Most driverless systems use LIDAR, which has limitations in inclement conditions, so a true robocar won’t be a self-contained thing. It will need be informed not only by regularly updated mapping, which won’t be perfect and will constantly have its accuracy degraded, but will also need to be in communication with other automobiles and different smart gadgets. Google, with its gazillion Android devices fanned out across the country, would seem to have an advantage born of synergy, but Musk believes his AI is superior and far cheaper. I seriously doubt anyone will have such a fully-realized system ready for the market in 20 months, though further significant integration of driverless capabilities and Atlantic-to-Pacific demos wouldn’t shock me. Of course, if you had told me a couple of years ago that a reusable rocket would gently lower onto a drone ship in 2016, I would have bet the under on that one also.

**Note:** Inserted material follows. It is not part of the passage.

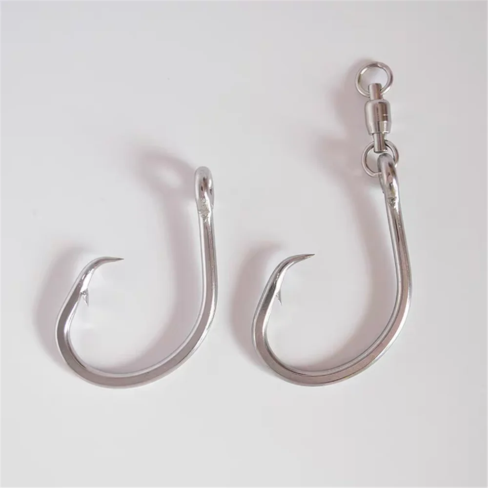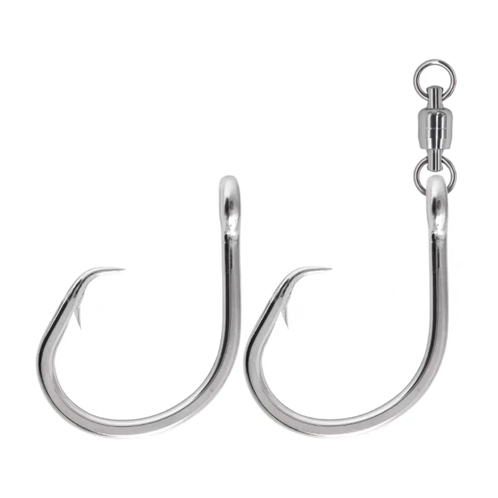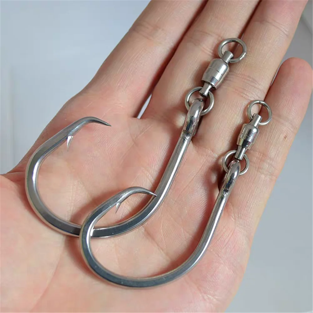 Anzuelo de Pesca para barco de mar, accesorio giratorio de rodamiento de bolas de acero inoxidable con ojos de púas, suministros de conector para atún, 10 piezas

Two excerpts follow, one from a New Yorker piece by Levi Tillemann and Colin McCormick, which explains how Tesla may have quietly developed a better strategy, and the other a segment of an Economist article which offers a crisp explanation of the significant hurdles that must be cleared for robocars, some of which would appear to apply even to Musk’s LIDAR-less plan.


From the New Yorker:

In October of 2014, Tesla began offering its Model S and X customers a “technology package,” which included this sensor array and cost about four thousand dollars. The equipment allowed the company to record drivers’ movements, unless they opted out of the tracking, and—most important—to start amassing an enormous trove of data. A year later, it remotely activated its “Autopilot” software on tens of thousands of these cars. Suddenly, drivers had the ability to engage some limited autonomous functions, including dynamic cruise control (pegging your car’s speed to the speed of the car in front of you), course alignment inside highway lanes, and on-command lane-changing. Some drivers were unnerved by the Autopilot functions, and cars occasionally swerved or drove off the road. But many of Tesla’s tech-tolerant early adopters relished the new features.

Autopilot also gave Tesla access to tens of thousands of “expert trainers,” as Musk called them. When these de-facto test drivers overrode the system, Tesla’s sensors and learning algorithms took special note. The company has used its growing data set to continually improve the autonomous-driving experience for Tesla’s entire fleet. By late 2015, Tesla was gathering about a million miles’ worth of driving data every day.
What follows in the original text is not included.